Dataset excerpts
►

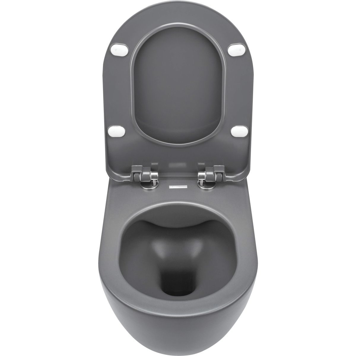 Die wandhängende Toilettenschüssel ohne Rand aus der Kollektion Peonia ist ein ideales Produkt sowohl für kleine Badezimmer als auch für große Badezimmer. Die keramische, wandhängende Toilettenschüssel in origineller Titanoptik zeichnet sich durch das Fehlen eines Standardrandes aus, der schwer zu reinigende Ecken, Kanten und Vertiefungen aufweist. Das Design der Toilettenschüssel verkürzt die Reinigungszeit und sorgt dafür, dass weniger Wasser zum Spülen benötigt wird, ganz im Sinne der Proeco-Philosophie der Marke Deante. Der Soft-Close-Sitz ist separat erhältlich.
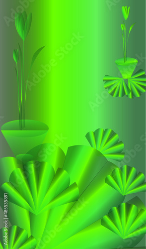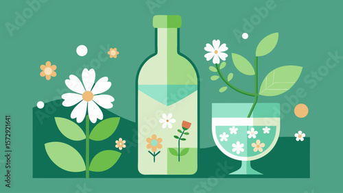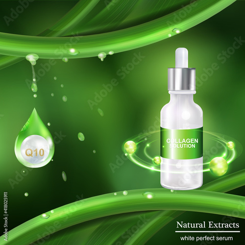 Шаблон косметической рекламы зеленого чая, векторная иллюстрация. Макеты белых пустых косметических флакончиков, вырезанные из бумаги зеленые листья в стиле крафт, поля. Средства для красоты и ухода за кожей с экстрактом чая.
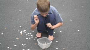 After the park and the bonus-train, we visit Grandma Jane and Grandpa Jim’s house, where Jonah dumps the remaining moneycoin, this time in their driveway.
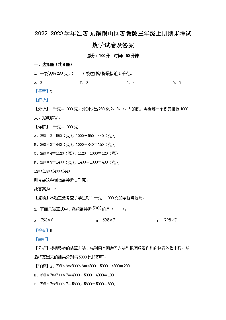 2022-2023学年江苏无锡锡山区苏教版三年级上册期末考试数学试卷及答案(Word版)07-14
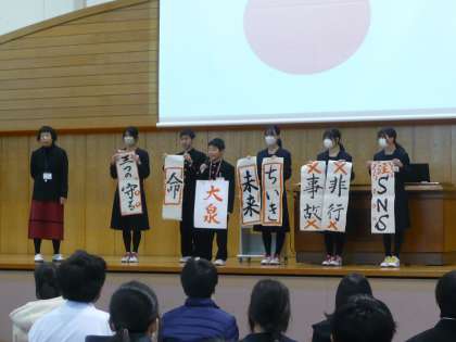 終業式後、生徒指導主事から、冬休み中の留意点についてお話がありました。
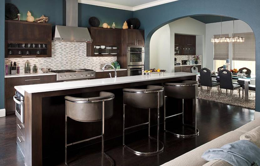 Хотите выполнить зонирование интерьера? Разделите пространство островной стойкой, популярной во многих стилевых направлениях. Интересно будет смотреться остров, стилизованный под лодку. Его можно использовать во время готовки, а также задействовать в роли обеденного стола.
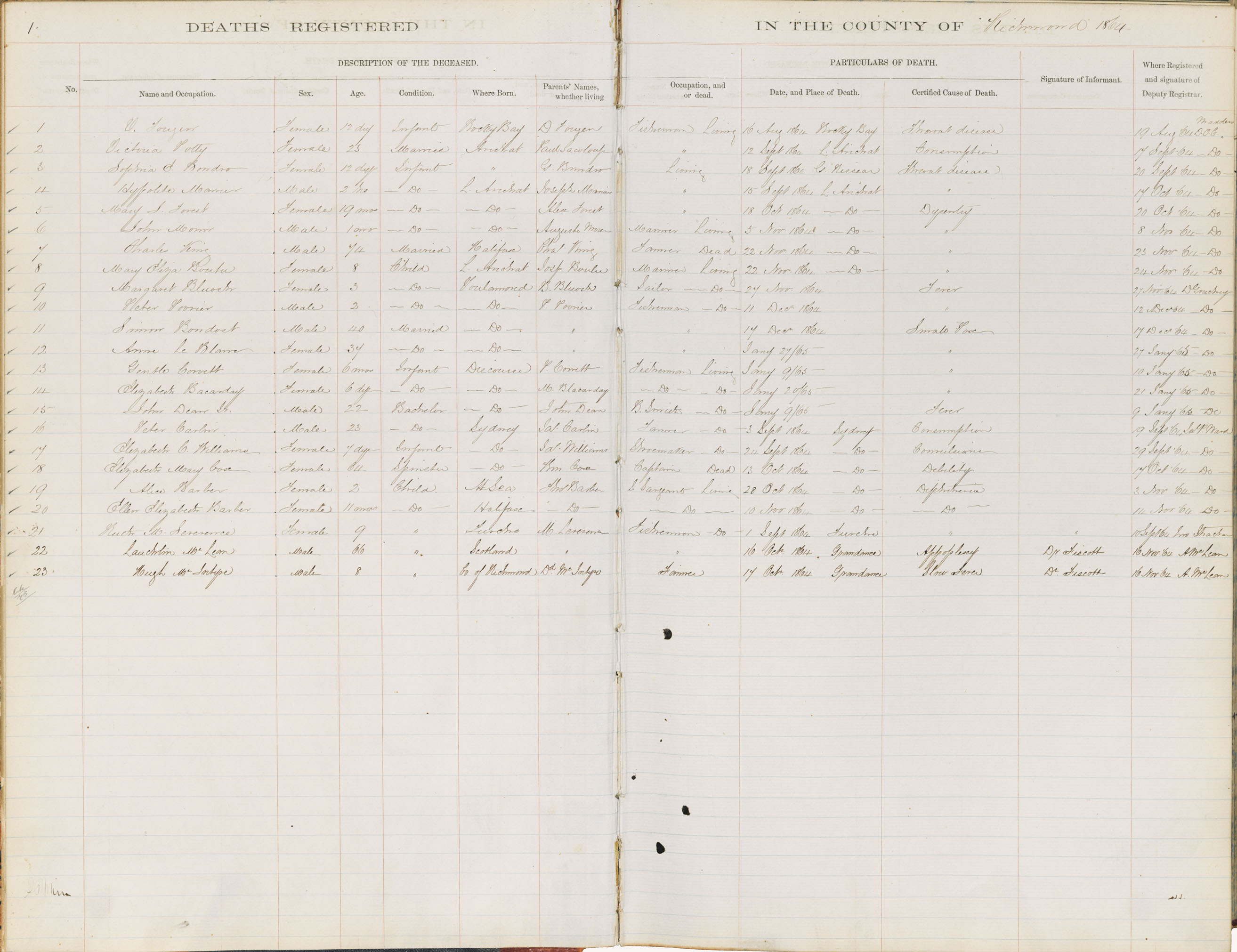 Death Registration: Year: 1864 book: 1815 page: 1 number: 23
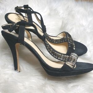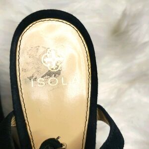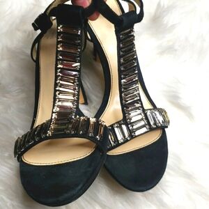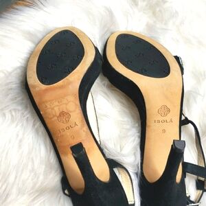 ISOLA Black suede platform heel. T- Strap has crystal embellishments. Adjustable Ankle strap. Heel 4.5” platform 1”
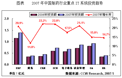计世资讯(CCW Research)研究认为, 2007年面对制药行业并购重组日益加剧的局面,制药企业迫切需要整合自身资源, 强化企业内部各个方面的管理能效,制药企业战略重点不得不从以产品为中心向以客户为中心转移。特别是加强客户关系管理及其重要,这是由于制药行业实现客户关系管理的最终目标是挖掘潜在客户价值提高利润、降低成本、扩大市场份额。 因此2007年制药企业采用CRM系统固化先进的管理理念,无疑是应对激烈竞争并制胜的有效途径,并购重组加剧促使CRM系统快速增长,制药行业内部并购重组竞争加剧为CRM系统带来更多市场机会。
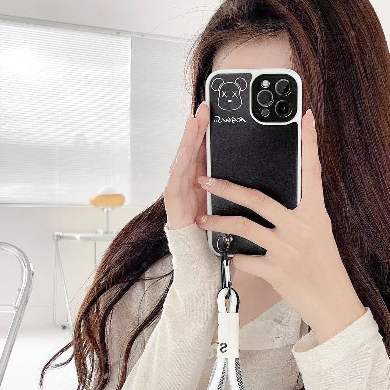 iPhoneケース☆彡 モノトーンBEARストラップ付
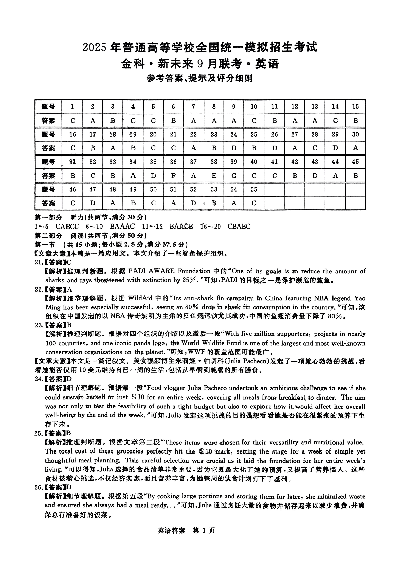 河南省2025年普通高等学校全国统一模拟招生考试9月联考英语答案
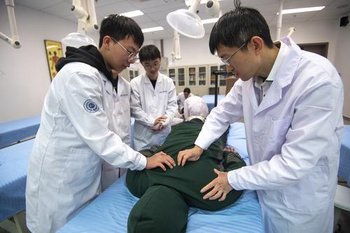▲3月9日,AC米兰中文官方网站,同学们正在学习中医推拿的基础手法。 记者 郑宇 摄/视觉重庆
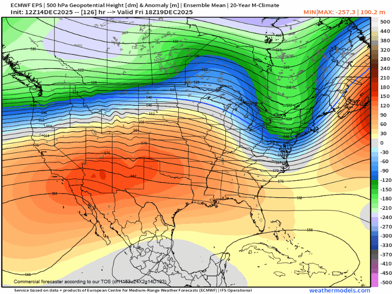 Significant ridging remains likely later this month into Christmas week with moderating temperatures. This will likely also usher in a quieter weather pattern for the same period.
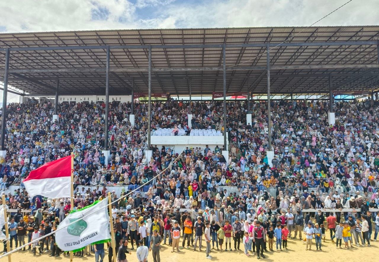 BLANGKEJEREN – Ribuan orang yang datang dari berbagai kabupaten/kota menyaksikan final pacuan kuda tradisional di Stadion Buntul Nege Gayo Lues, Minggu, 26 Oktober 2025.
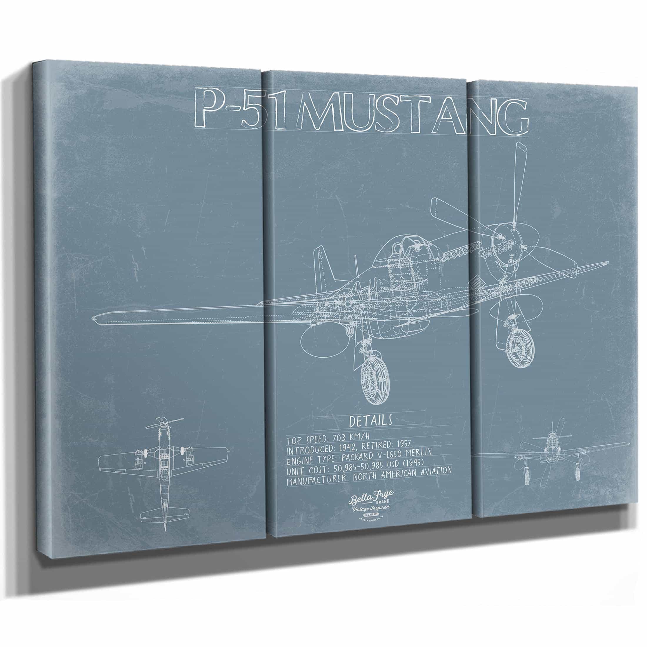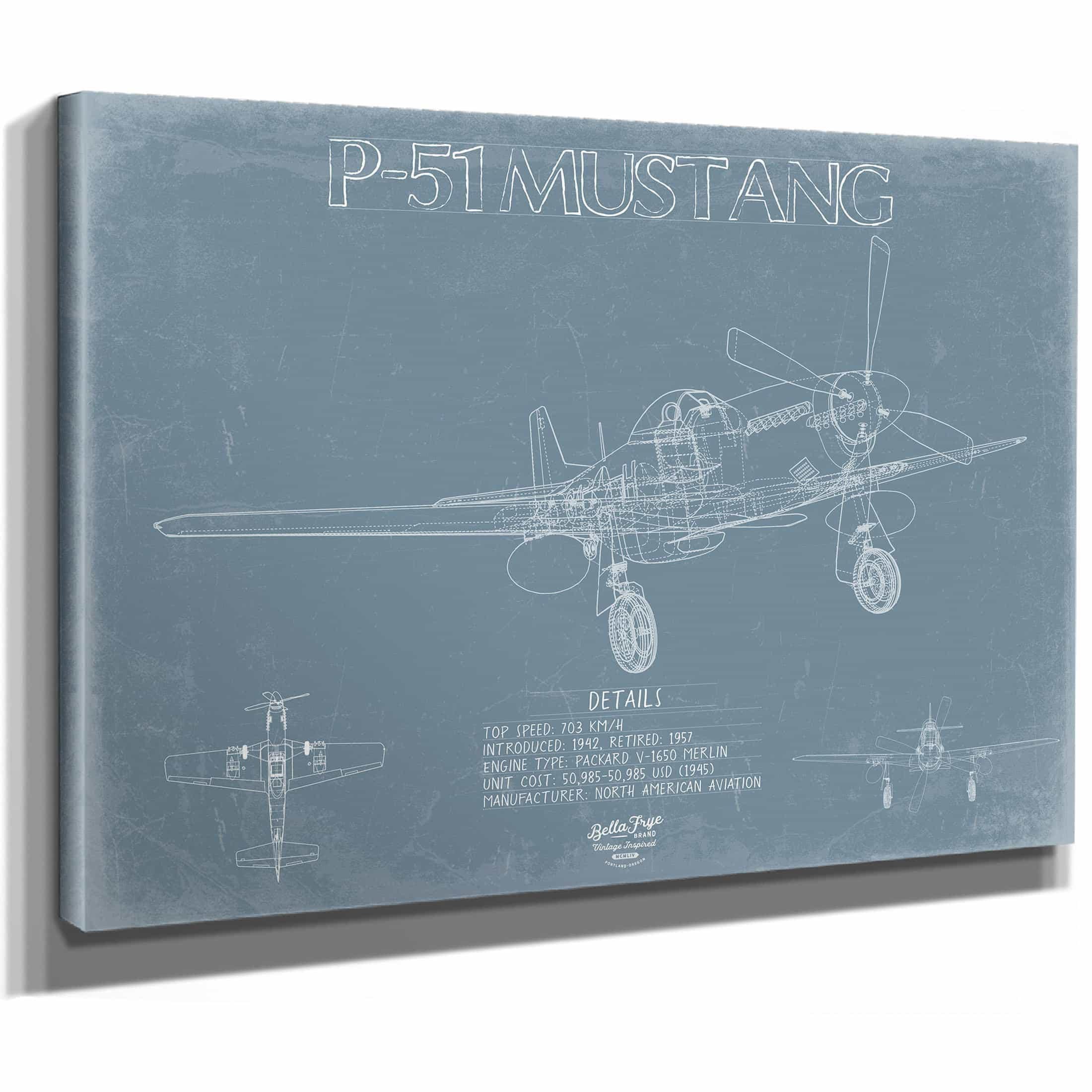 • Bella Frye Home & Garden > Decor > Artwork North American P-51 Mustang Aircraft Blueprint Wall Art - Original Fighter Plane Print
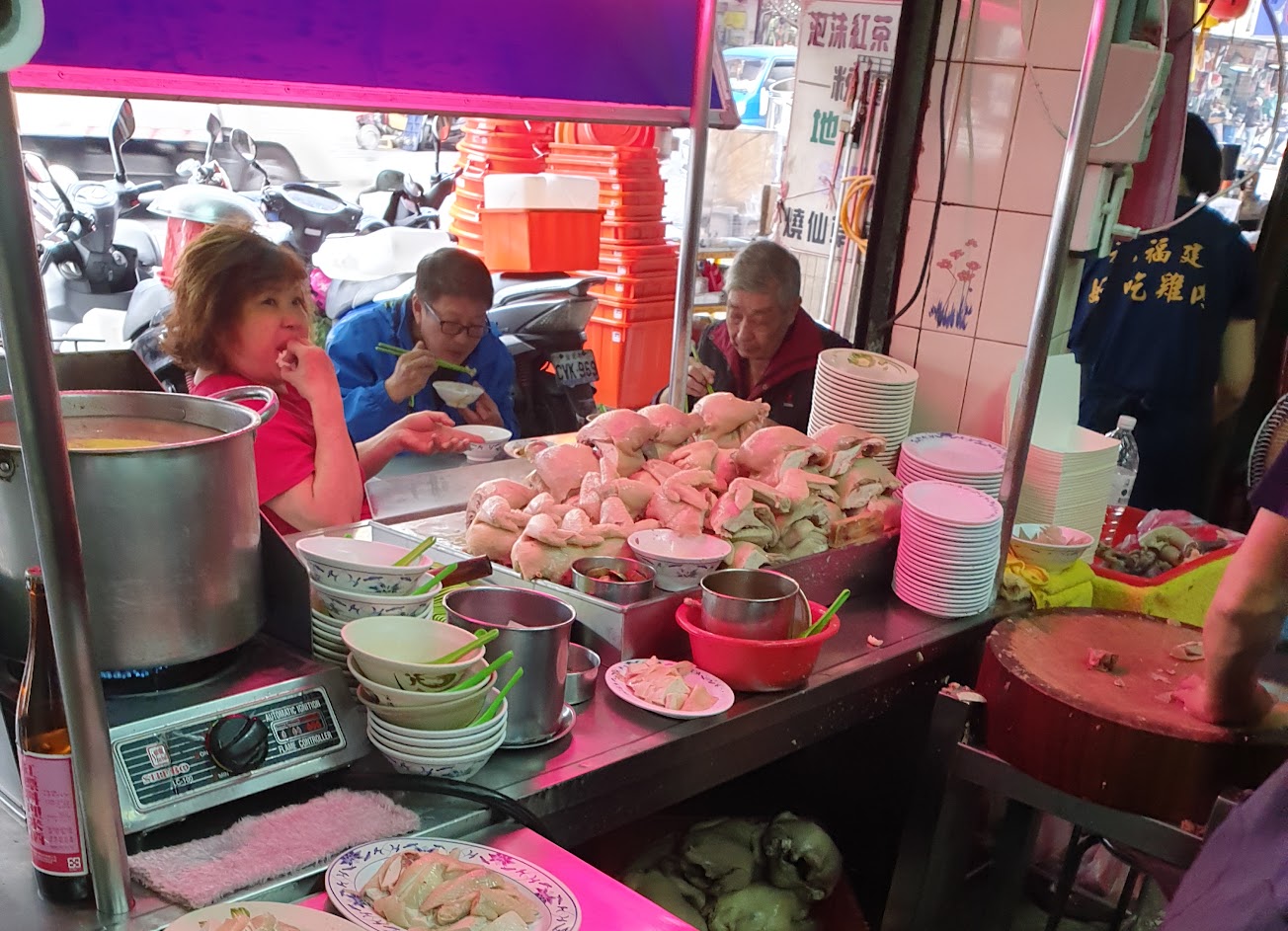 人超多、道地的菜市場平民美食,在意環境啥的就不用來了~進店時服務人員就會直接問要大還小盤、然後送上雞油飯和湯,雞肉真的很鮮甜好吃(多餘的醬還可再用來拌飯),冬天配上下水湯暖暖的剛剛好,可惜只開到下午。

◄

[TASK STATEMENT] Beginning with the line above that has "记者 郑宇 摄/视觉重庆" and going on through the line that has "BLANGKEJEREN – Ribuan", retype every line exactly and add nothing else; drop the pictures.

[EXPECTED ANSWER]
▲3月9日,AC米兰中文官方网站,同学们正在学习中医推拿的基础手法。 记者 郑宇 摄/视觉重庆
 Significant ridging remains likely later this month into Christmas week with moderating temperatures. This will likely also usher in a quieter weather pattern for the same period.
 BLANGKEJEREN – Ribuan orang yang datang dari berbagai kabupaten/kota menyaksikan final pacuan kuda tradisional di Stadion Buntul Nege Gayo Lues, Minggu, 26 Oktober 2025.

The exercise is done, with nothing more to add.